Inspiration
At the moment there are many events platform, but they all have the disadvantage that users need to pay to post their events. For this reason, normal people that would like to organize events with friends (e.g., birthday parties, casual parties, etc.) won't use these platforms. Instead they would just use the free messagging applications like whatsapp (which is the most used in my country).
Therefore, the idea is to create a WhatsApp bot (or at least a prototype), that allows user to create simple events and share them with their friends.
What it does
- The user sends to the bot an event to be created.
- The bot creates the event and returns the link to it.

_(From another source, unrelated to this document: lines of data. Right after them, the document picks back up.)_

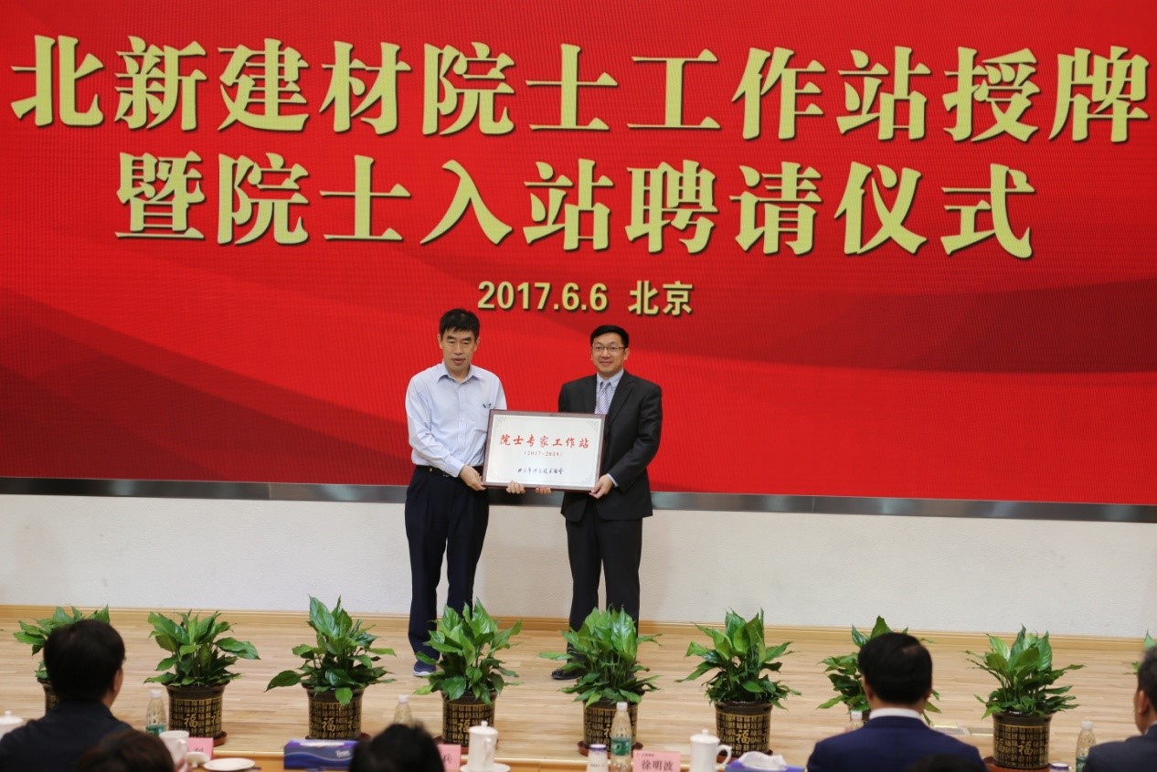 在院士工作站授牌暨院士入站聘请仪式上,北京市科学技术协会副主席徐明波向北新建材授“院士专家工作站”牌,中国工程院院士姜德生教授作为第一名入站院士接受了北新建材的聘书。姜德生院士勉励北新建材要继续保持创新引领的制高点战略不变,按照世界一流水平规划好北新科学院和院士专家工作站工作,在绿色建材、新材料、新能源、装配式建筑、智能建筑等多个领域为国家打造世界领先的科学研究和创新高地。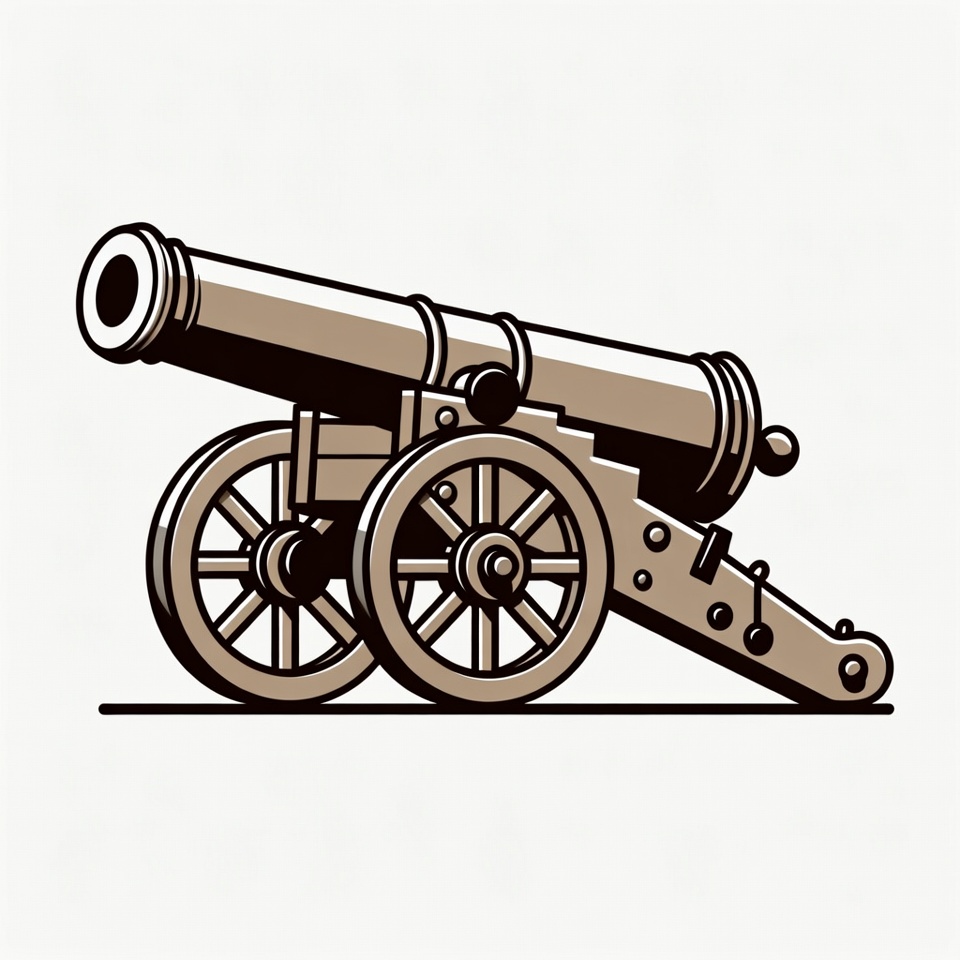 artillery, barrel, brown tones, clipart, historical cannon, illustration, isolated background, line art, metal barrel, military weapon, vector art, vintage cannon, wheels, wooden wheels, cannon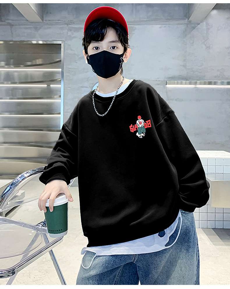 男童春秋装卫衣2024新款中大童男生字母纯色打底衫儿童秋季童装潮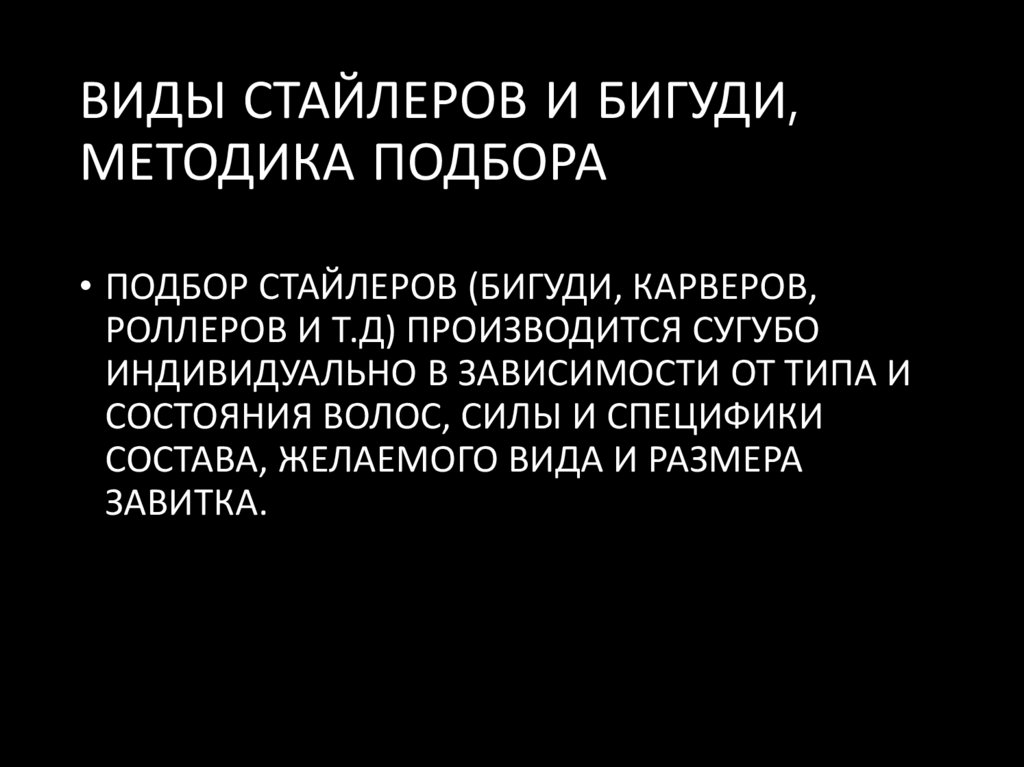 ВИДЫ СТАЙЛЕРОВ И БИГУДИ,МЕТОДИКА ПОДБОРА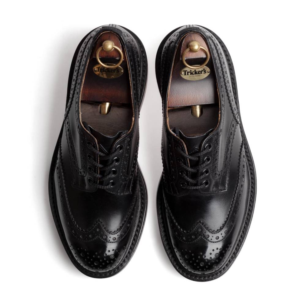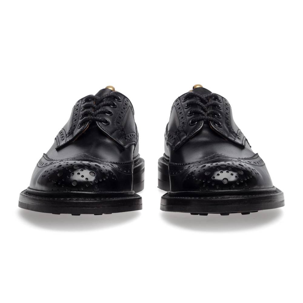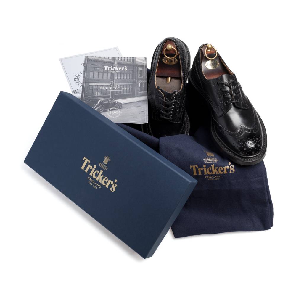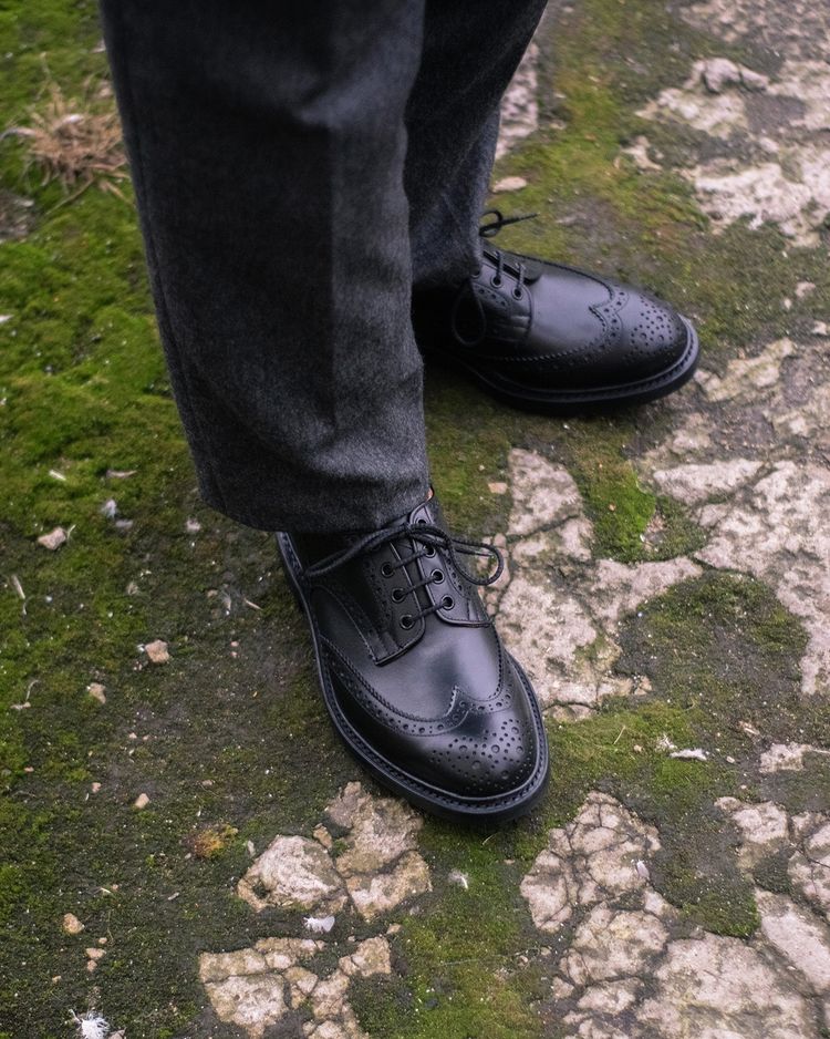 Броги Bourton на толстой резиновой подошве Dainite от старейшей английской мануфактуры Tricker’s. Выполнены из плотной телячьей кожи чёрного цвета. Модель имеет усиленный рант с окантовкой (storm welt), который добавляет подошве влагоустойчивость. Верх украшен узнаваемым перфорированным узором и фестонами, а также традиционным медальоном на мысе. Эти массивные, износостойкие броги на толстой подошве были созданы на фабрике компании в Нортгемптоне в 1937 под руководством Эрнеста Р. Барлтропа, сына сооснователя бренда. С тех пор модель является ярким примером традиционной английской неформальной обуви, которая стала известна во всем мире. Конструкция Goodyear Welted.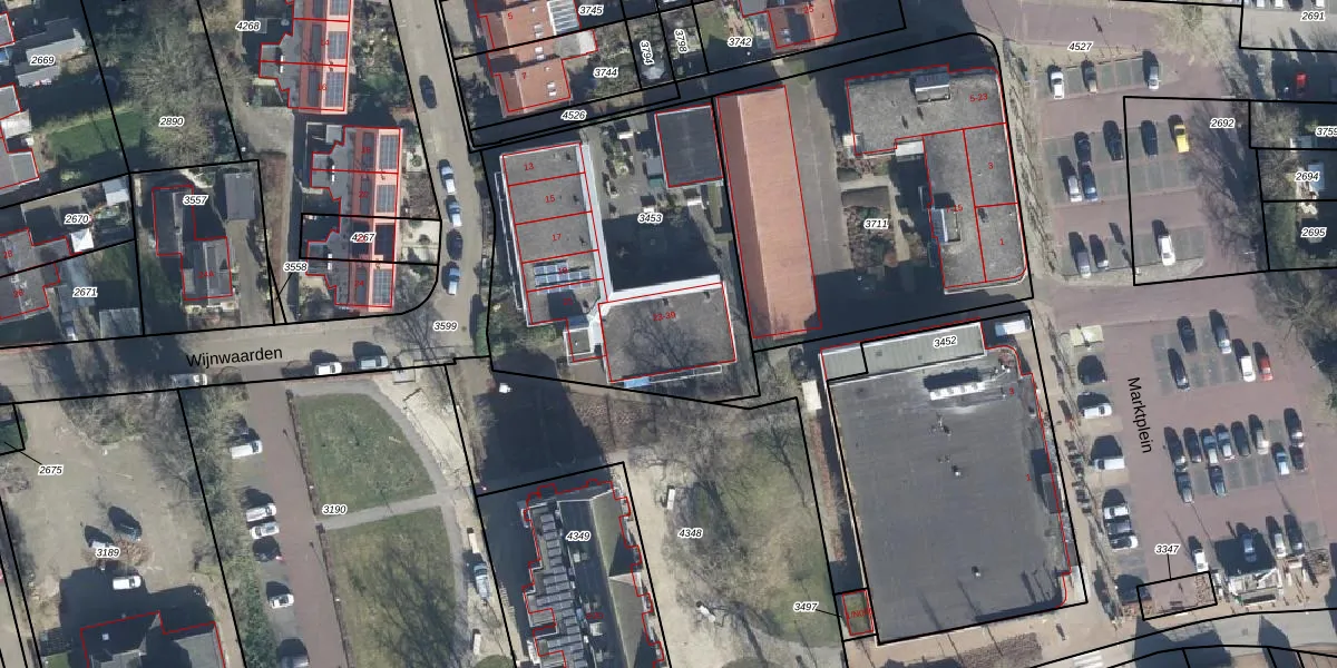 Het perceel waarop Wijnwaarden 31 staat heeft een oppervlakte van 1477 m². Dit is een zeer groot perceel. De perceeloppervlakte wordt geregistreerd door het Kadaster. Gedetailleerde informatie over de maten van dit perceel kunt u vinden in het rapport Kadastrale kaart met maatvoering van Wijnwaarden 31.

- The user can share the link with their friends
- The user can delete or lists all their events
How I built it
Architecture Overview
The application follows a serverless microservices architecture using AWS Lambda functions:
WhatsApp User → Twilio Webhook → API Gateway → Router Lambda
↓
┌─────────────┼─────────────┐
↓ ↓ ↓
Create Event List Events Delete Event
Lambda Lambda Lambda
↓ ↓ ↓
DynamoDB + S3 DynamoDB DynamoDB
Additional components:
- Get Event Lambda: Serves the React app via separate API endpoint
- React App: Hosted on S3 + CloudFront for event display
AWS Lambda
The bot uses 4 core Lambda functions plus 1 additional function for the web interface:
| Function | Trigger |
|---|---|
| Router | API Gateway POST |
| Create Event | Direct invocation |
| List Events | Direct invocation |
| Delete Event | Direct invocation |
| Get Event | API Gateway GET |
DynamoDB
- Purpose: Stores event data
S3
- Bucket 1: Event images with public read access
- Bucket 2: Static React application hosting
CloudFront Distribution
- Purpose: CDN for React application with global edge locations
Challenges I ran into
The hardest challenge I encountered was defining permissions for lambda functions and other services. Even though I managed to make the stack work in local (oldest assumptions for a developer), I had many problems once it was deployed. After a lot of time spent for debugging, I found out that the permissions were not set correctly and e.g. my router function was not able to invoke the other functions.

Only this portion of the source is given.